ディフェンス面でみると、ライプツィヒの選手らしく、ボールが奪われた後の激しいプレスに特徴があり、インテンシティに非常に高い数字を見せており、99点となっている。インターセプトの能力も高く79で、ゲームを読む力も優れていることがわかる。
一方で空中戦が苦手で、展開の中でのヘディングのスコアは11、セットプレーでのヘディングは8である。
アレッサンドロ・バストーニ(インテル)
名前 | アレッサンドロ・バストーニ Alessandro BASTONI |
所属 | インテル |
ポジション | CB |
生年月日 | 1999/4/13 |
身長 | 190 cm |
国籍 | イタリア |
利き足 | 左足 |
前所属 | アタランタ |
バルディオルと並んで、スパーズが狙っているのが、コンテとも仕事をしたことがあるバストーニである。
コンテが、2019年にインテルにきた時、バストーニは20歳で、ファーストチームでのプレイ経験がなく、その前年はパルマにローンにでていたが、コンテはバストーニをチームに組み込み、バストーニは、19/20シーズンをインテルでコンテとともに過ごし、コンテのことを"コーチ界のメッシ"、"素晴らしいサッカーのアイデアをもっている"と称賛している。19年12月まではレギュラーでなかかったが、次第にチームに組み込まれていき、先発を21試合つとめている。
インテルでは、ステファン・デ・フライとミラン・シュクリニアルと並んで、スパーズが求めている左センターバックをつとめており、ヨーロッパリーグ決勝にも出場している。
昨シーズンも、バストーニはインテルの中心となり、リーグ戦33試合に出場し、インテルの優勝に大きな貢献をした。監督がシモーネ・インザーギに変わった今シーズンも引き続き中心として戦っている。
バストーニのスキル
バストーニは、バルディオルのように、ボールの扱いが巧みで、90分で平均70.9回パスを出しており、これはセリアAのセンターバックで、トップ5%に入る。ボール保持もsmartscoutのスコアで86でこれはバルディオルの66よりも高い。(ただし、前へのパスのスコアは高くなく、11である)
バストーニは、短い距離でのつなぎのパスに特徴があり、スコアは84であり(バルディオルは46)、ボール扱いの巧みなDFであることがわかる。

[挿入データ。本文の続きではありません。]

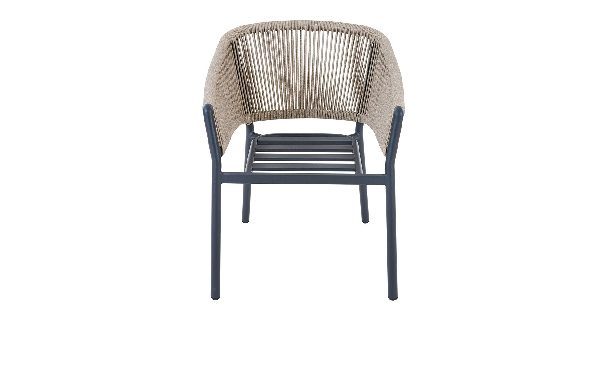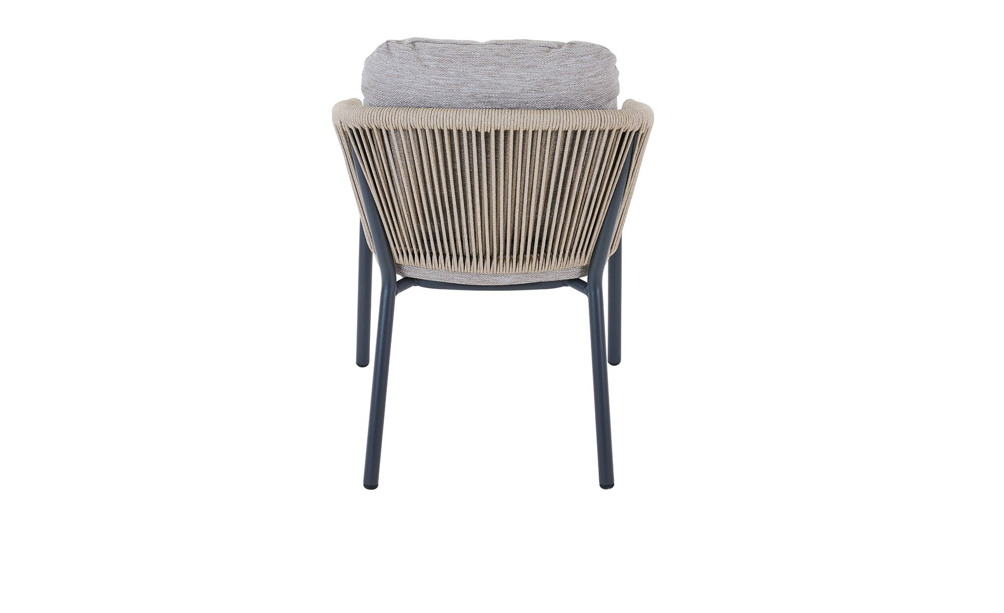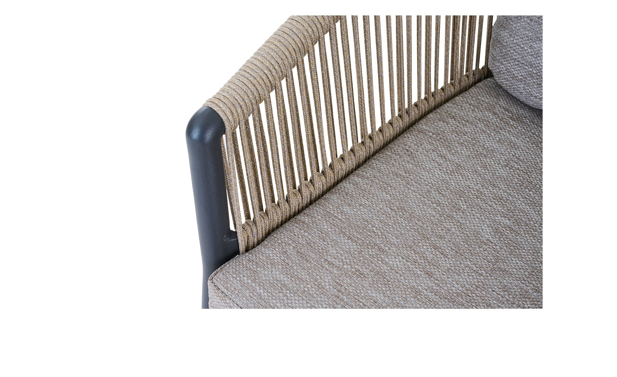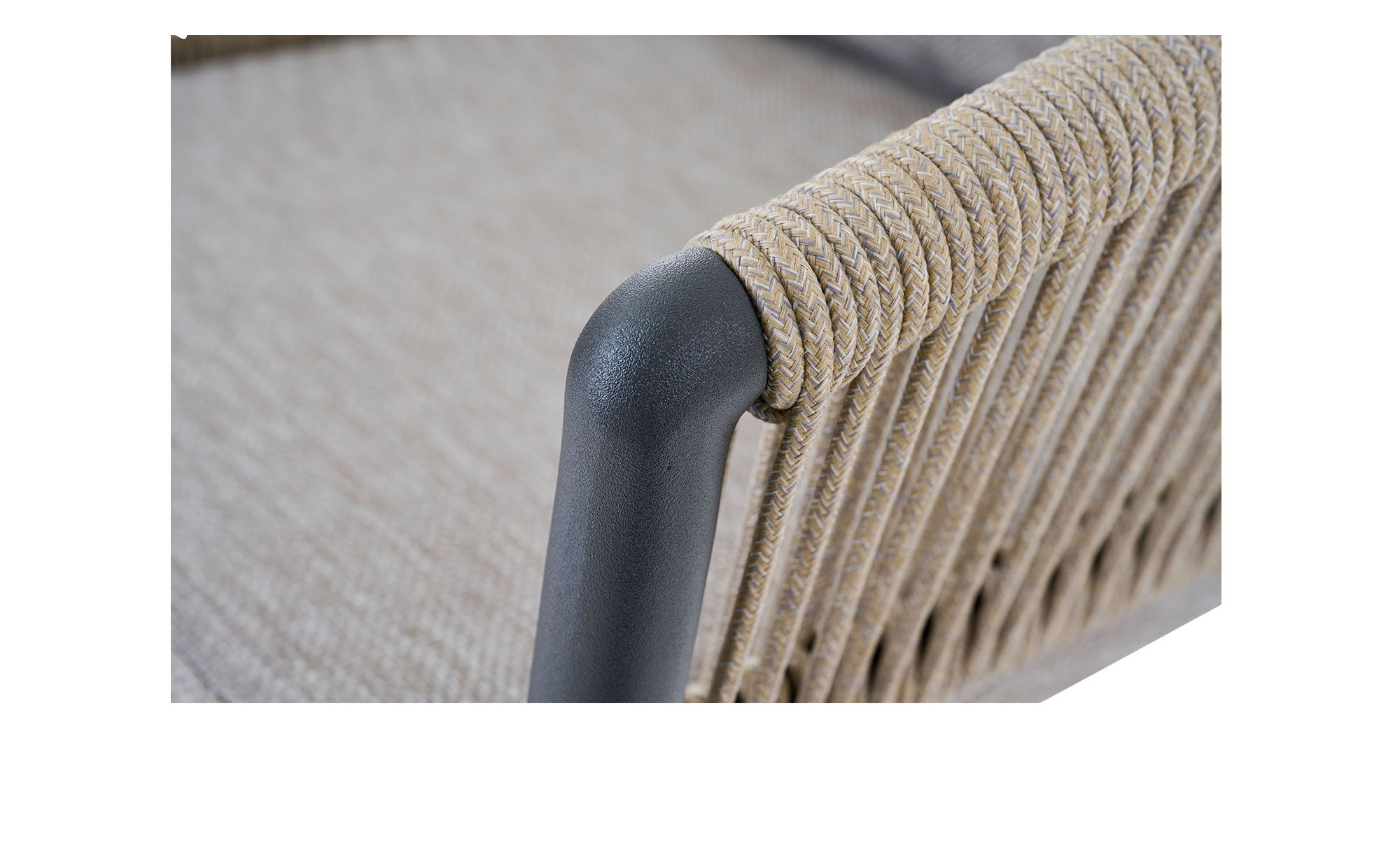 Ein stabiles Aluminiumgestell mit vier Füßen sorgt für sicheren Halt und einen stabilen Stand beim Gartenstuhl MONDO Latea. Es ist in einem matten Anthrazit gehalten und verfügt über eine Pulverbeschichtung. Zusätzlich erwarten Sie am Rücken sowie an den Armlehnen Flächen aus einer gespannten Kordel. Mit ihrem Mix-Taupe-Farbton passt sie ideal zu den ebenfalls im Angebot enthaltenen Auflagen in Taupe.
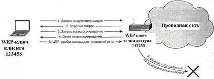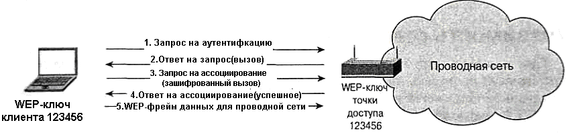 После выполнения открытой аутентификации и завершения процесса ассоциирования клиент может начать передачу и прием данных. Есликл иент сконфигурирован так, что его ключ отличается от ключа точки доступа, он не сможет правильно зашифровывать и расшифровывать фреймы, и такие фреймы будут отброшены как точкой доступа, так и клиентской станцией. Этот процесс предоставляет собой довольно-таки эффективное средство контроля доступа к BSS (рис. 5).
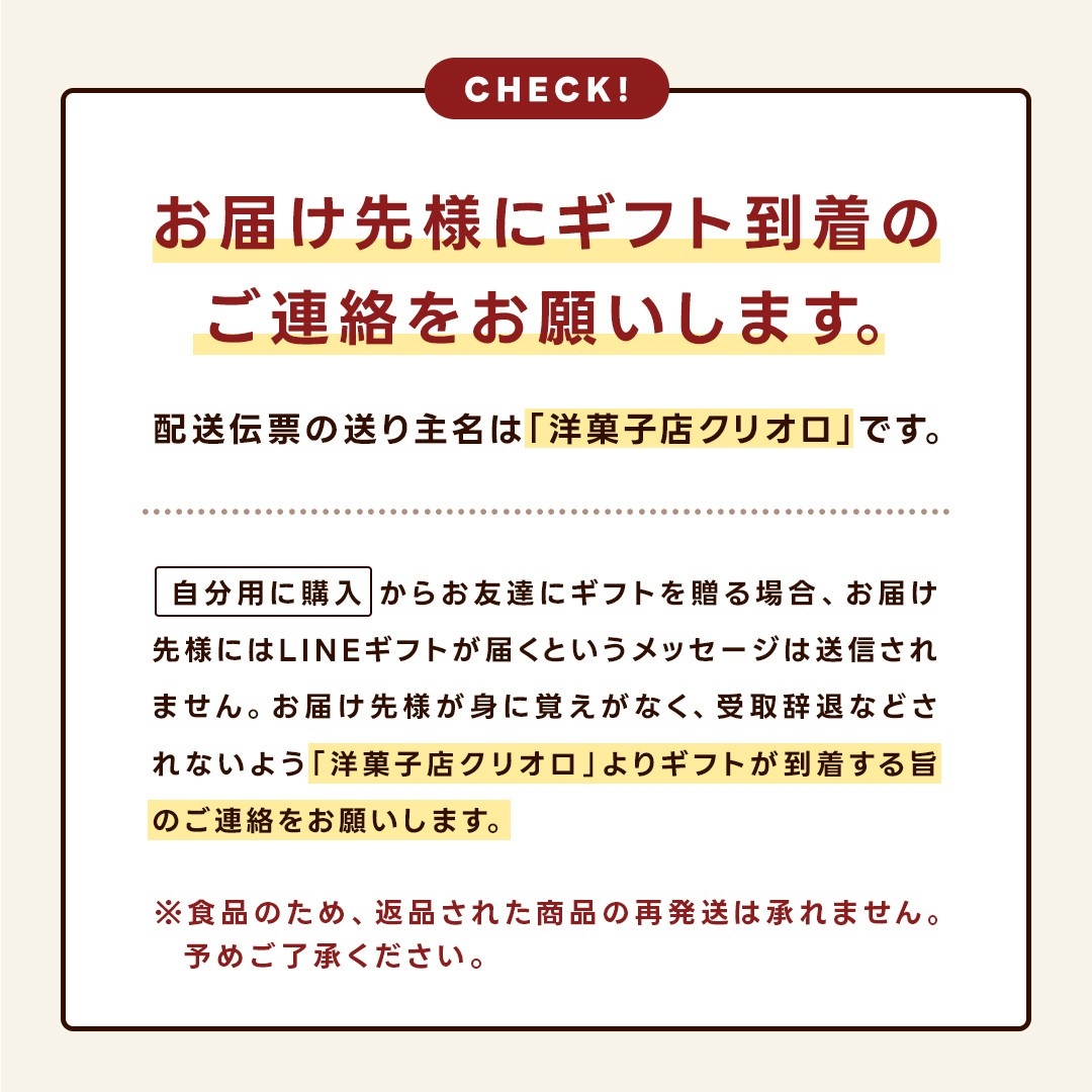諸事情により、商品の内容・素材・パッケージ・リボンの仕様など予告なしに変更することがございます。予めご了承ください。
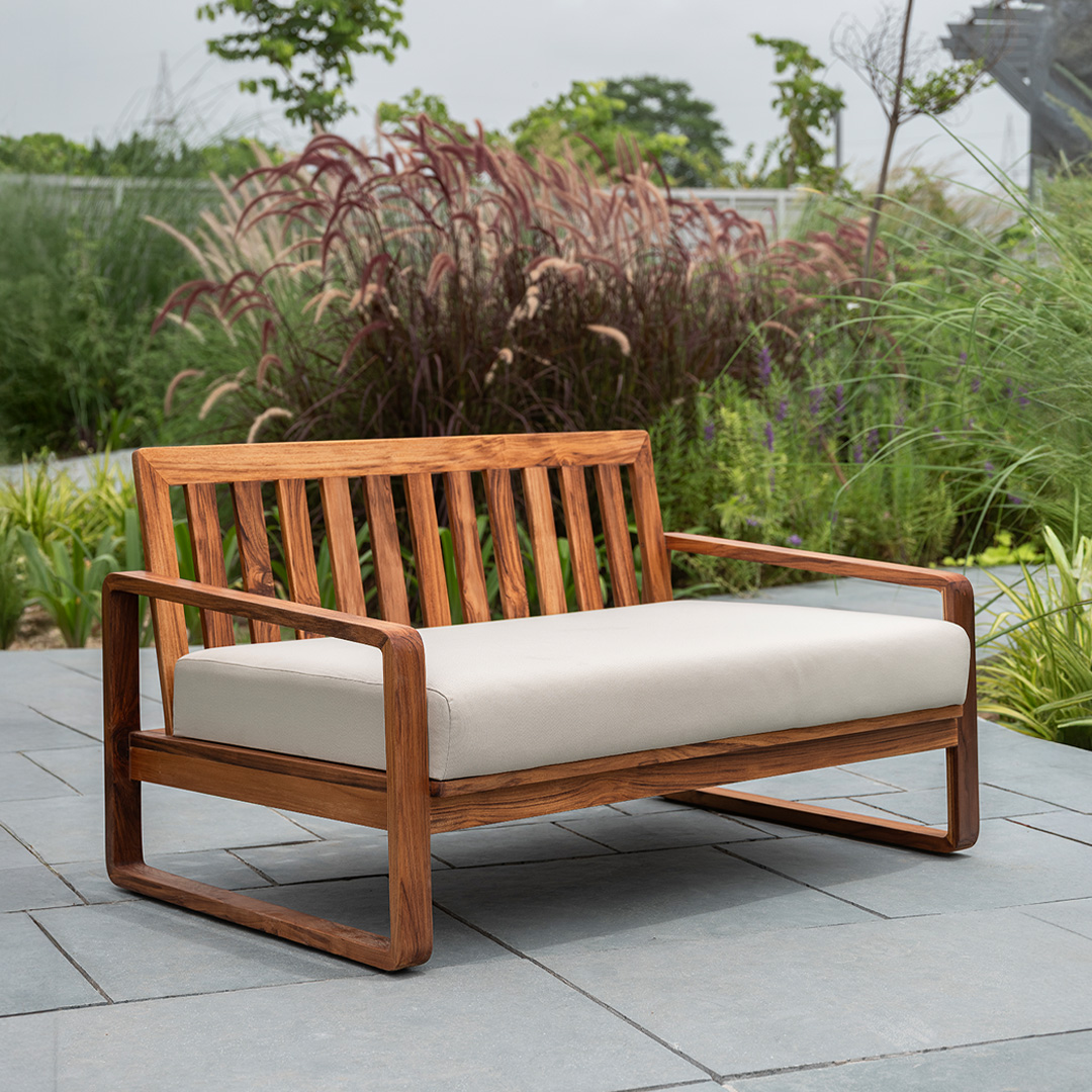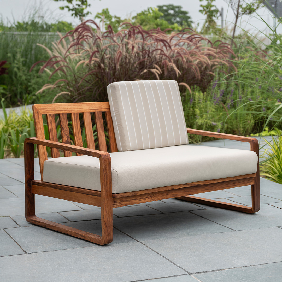 The Varma Outdoor Sofa combines the strength of solid teak wood with the ease of weather-ready fabric. Designed with a low, open profile, it brings a sense of relaxation to outdoor settings while offering ample seating. Its natural tones blend seamlessly with garden or terrace landscapes, making it a durable and inviting choice for open-air living.

ディフェンス面でみると、バルディオルと同様にインテンシティが高く、スコアは94である。ヘディングに関してもバルディオルと似ており、あまり得意としておらず、展開の中でのヘディングのスコアは23で、セットプレイは38である。
22歳であるバストーニは、インテルが今後もチームの中心として考えている選手で、インテルも売却の意向は無いと思われるが、金欠のインテルに対し、5,000万前後のオファーがあれば可能性はあるかもしれない。
上記2人がスパーズの獲得最有力候補と言われているが、彼らが獲得出来なかった場合の候補の紹介しておこう。
スフェン・ボットマン(リール)
名前 | スフェン・ボットマン Sven Botman |
所属 | リール |
ポジション | CB |
生年月日 | 2000/1/12 |
身長 | 193cm |
国籍 | オランダ |
利き足 | 左足 |
前所属 | ヘーレンフェーン |
ボットマンは、22年の冬の移籍でニューカッスルも獲得を狙ったことで知られている。
彼自身は、将来のプレミアリーグでのプレイを熱望しているようで、The Athleticのインタビューで、"プレミアのサッカーが好きで、自分にあっている"などと述べている。
ボットマンのスキル
ボットマンは、、バルディオルやバストーニとくらべ、インテンシティは高くなく、スコアは38である。それ以外のディフェンス面のスキルスコアも2人と比べると見劣りするものが多く、タックルやブロック、クリアなどで相手の攻撃を防ぐスコアも14となっている。
バルディオルとバストーニは空中戦を苦手だったが、ボットマンは、2人にくらべフィジカルが強く、空中戦も比較的得意としており、スコアも高い。
フィジカルを生かしたディフェンスに特徴があり、本人も、"自分は背が高くて大きいので、ストライカーとやり合うのが好きなんだ"と述べており、The Atheleticsのインタビューでも、インスピレーションを受ける選手として、ファン・ダイクやロメロを上げている。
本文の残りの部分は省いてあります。